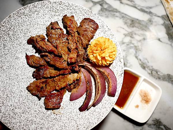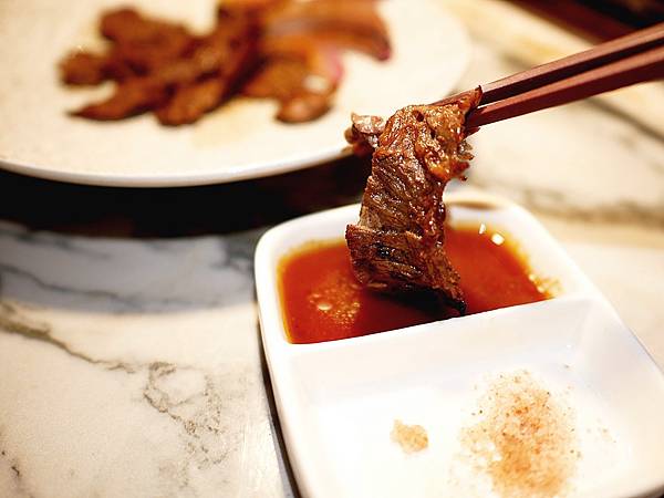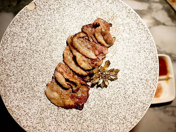 橫隔膜還不小塊,原以為是帶點嚼勁的口感,沒想到非常好咀嚼又軟嫩,完全不厚重,相當令人驚喜。因為烤之前有用燒肉醬醃漬過,吃起來非常清甜,單吃就很美味,再沾點玫瑰鹽或式燒肉醬都更添風味。
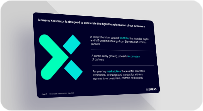 Siemens Xcelerator is designed to accelerate the digital transformation of our customers A comprehensive, curated portfolio that includes digital and IoT-enabled offerings from Siemens and certified partners A continuously growing, powerful ecosystem of partners An evolving marketplace that enables education, exploration, exchange and transaction within a community of customers, partners and experts Page 47 Unrestricted | © Siemens 2024 | May 2024
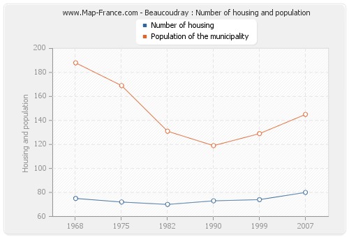 The population of Beaucoudray was 145 inhabitants in 2007, 129 inhabitants in 1999, 119 inhabitants in 1990, 131 inhabitants in 1982, 169 inhabitants in 1975 and 188 inhabitants in 1968. Meanwhile, the number of housing of Beaucoudray was 80 in 2007, 74 in 1999, 73 in 1990, 70 in 1982, 72 in 1975 and 75 in 1968.
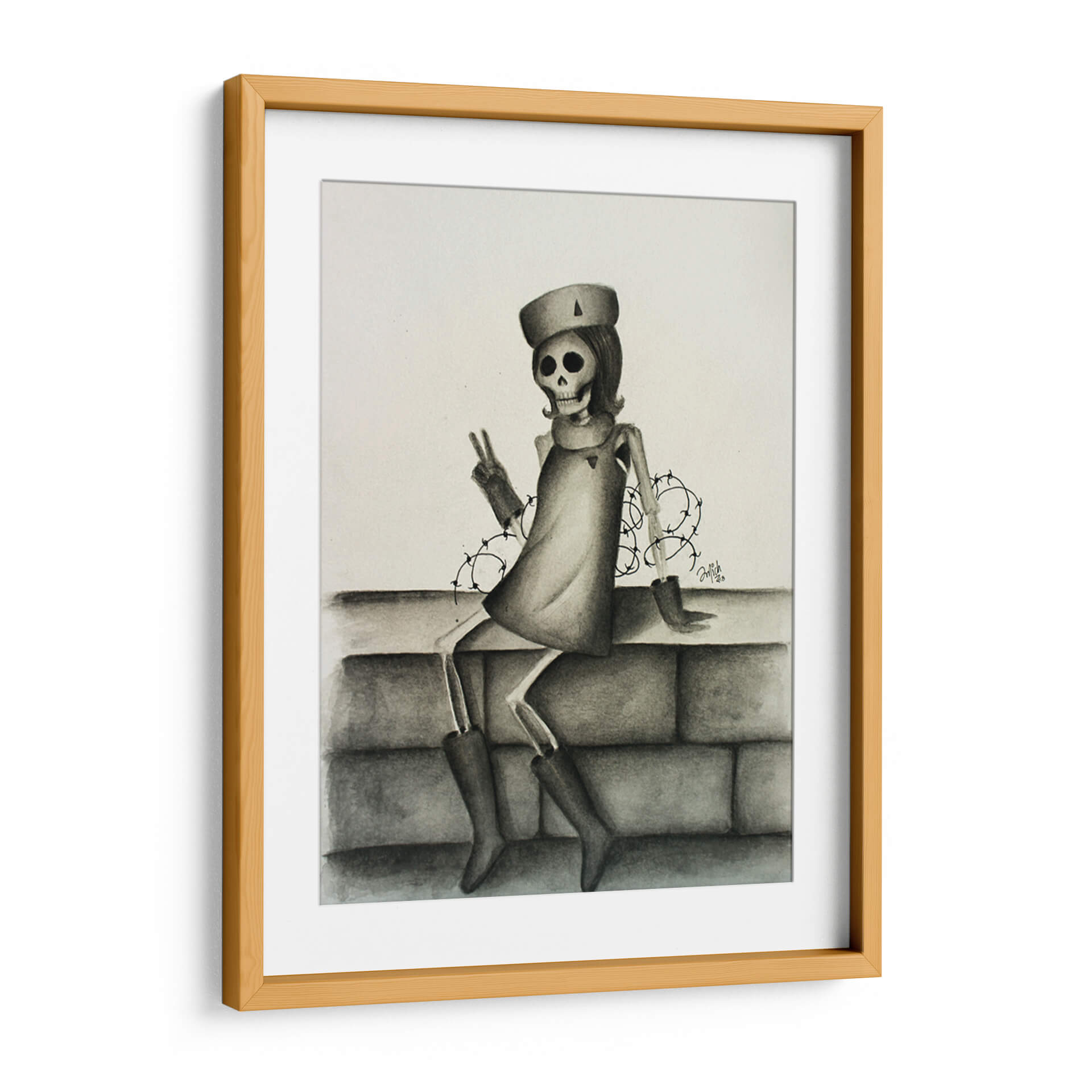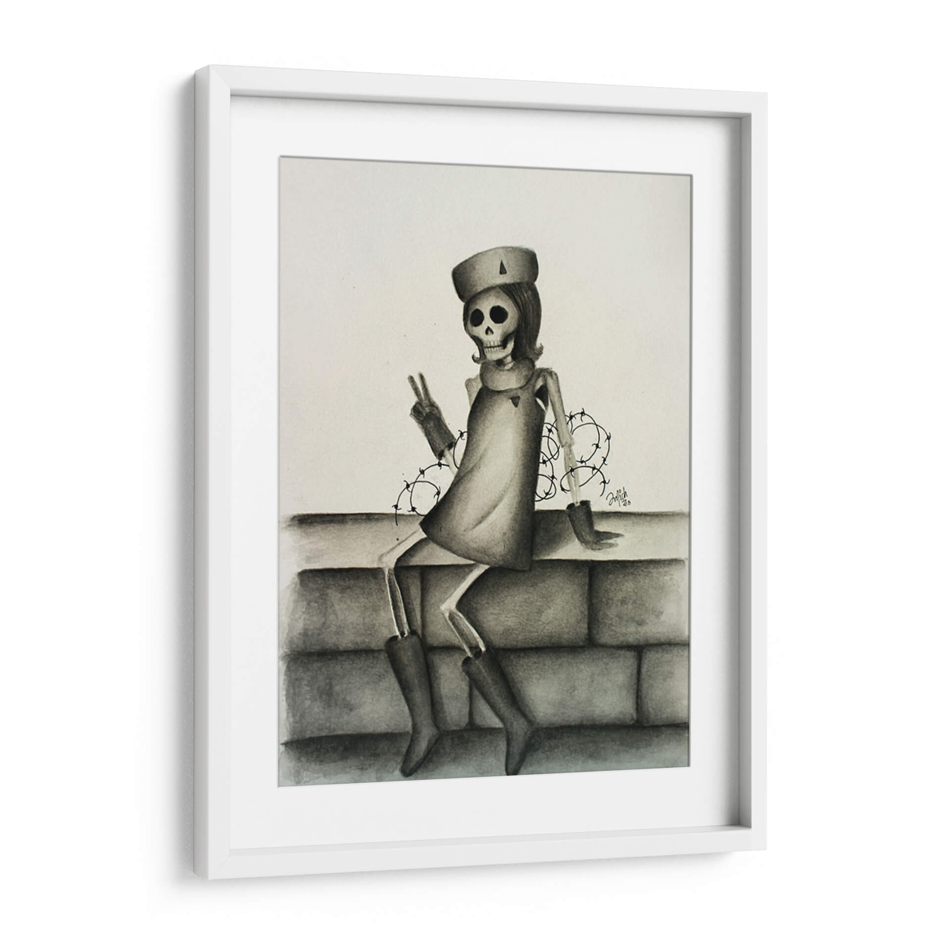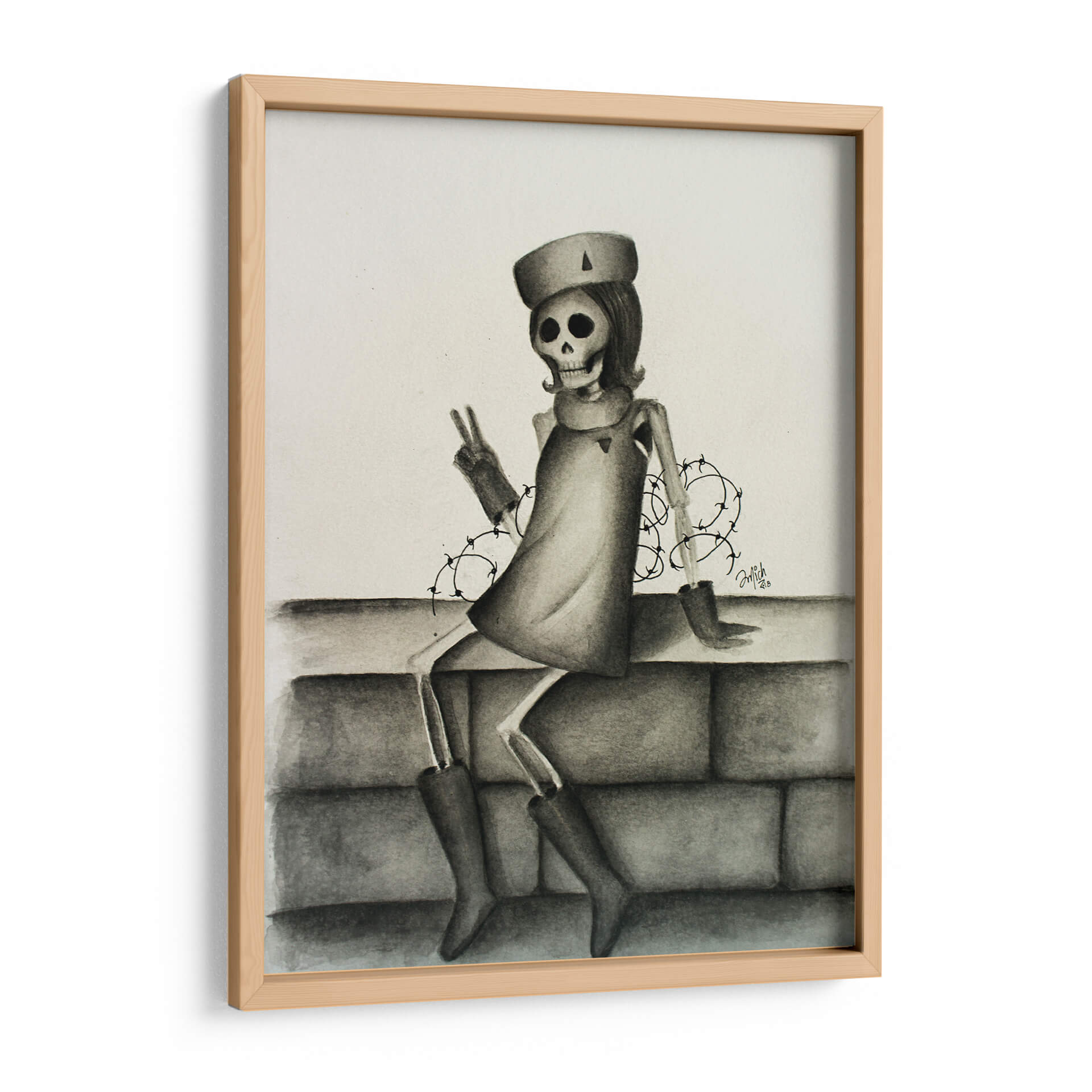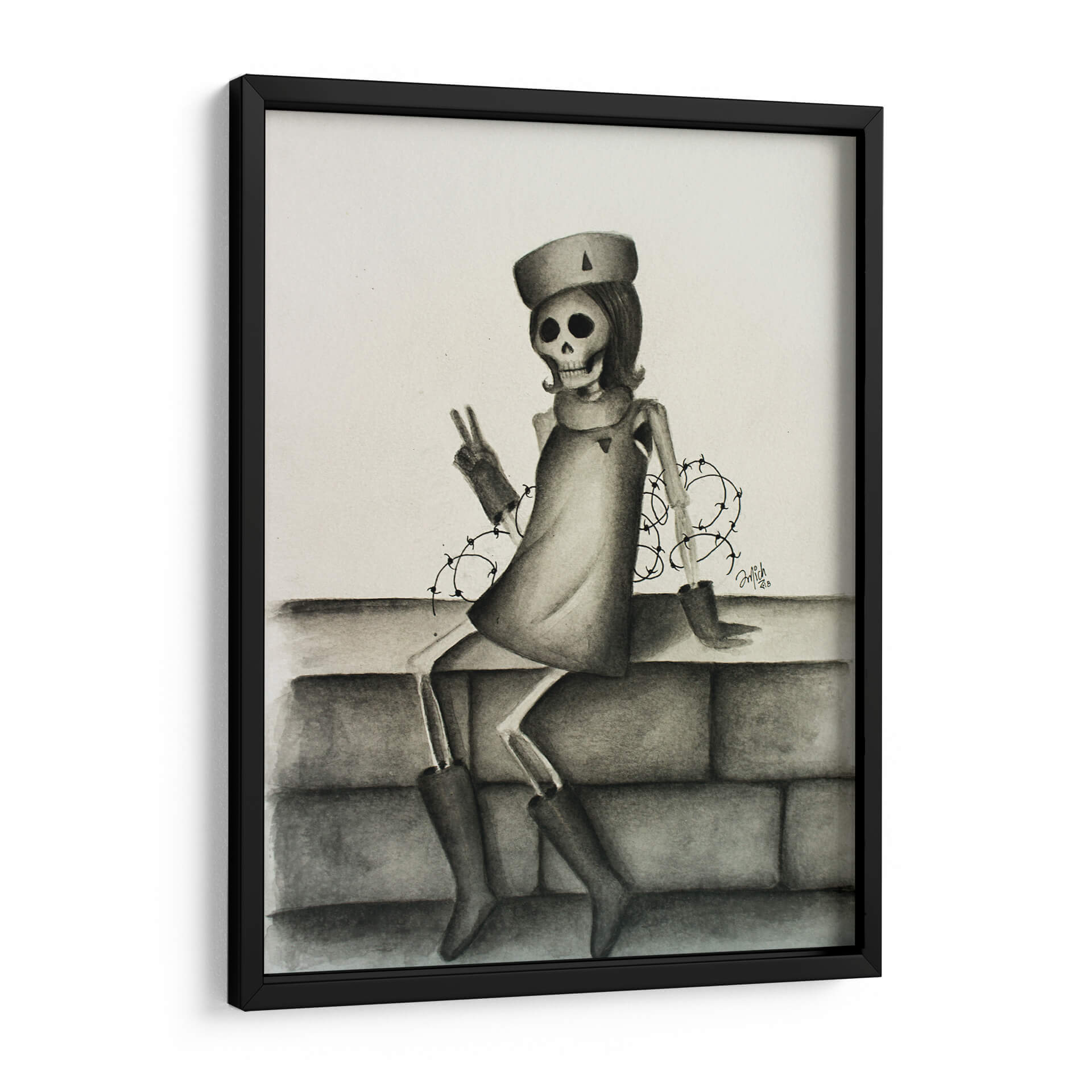 Sumérgete en la enigmática obra de arte 'CATRINAS DE HOY' de Marce Islas, un cuadro decorativo que desafía las convenciones con su impactante representación. Esta pieza visualmente cautivadora presenta una figura esquelética femenina vestida con un atuendo contemporáneo y un tocado distintivo, sentada sobre un muro de ladrillos y rodeada de alambre de púas, un detalle que añade una capa de simbolismo y reflexión. La paleta de colores monocromática, dominada por tonos de gris y blanco, crea una atmósfera sombría pero fascinante, resaltando las texturas y los contrastes que dan profundidad a la composición. El estilo gráfico y detallado de Marce Islas evoca tanto lo tradicional como lo moderno, invitando a la contemplación sobre la dualidad de la vida y la muerte, la tradición y la evolución. Este cuadro decorativo es ideal para aquellos que buscan añadir un toque de audacia, misterio y un punto de conversación a su hogar u oficina, ya sea en una sala de estar vanguardista, un estudio personal o un espacio comercial con carácter. Su diseño único lo convierte en una pieza central que inspira intriga y admiración, perfecto para coleccionistas de arte contemporáneo y amantes de las estéticas que rompen moldes.

Problem: Please copy out from the data above, without any picture, exactly the lines running from the one that holds "Siemens Xcelerator is" through the one that holds "The population of", and nothing beyond them.

Solution to this exercise:
 Siemens Xcelerator is designed to accelerate the digital transformation of our customers A comprehensive, curated portfolio that includes digital and IoT-enabled offerings from Siemens and certified partners A continuously growing, powerful ecosystem of partners An evolving marketplace that enables education, exploration, exchange and transaction within a community of customers, partners and experts Page 47 Unrestricted | © Siemens 2024 | May 2024
 The population of Beaucoudray was 145 inhabitants in 2007, 129 inhabitants in 1999, 119 inhabitants in 1990, 131 inhabitants in 1982, 169 inhabitants in 1975 and 188 inhabitants in 1968. Meanwhile, the number of housing of Beaucoudray was 80 in 2007, 74 in 1999, 73 in 1990, 70 in 1982, 72 in 1975 and 75 in 1968.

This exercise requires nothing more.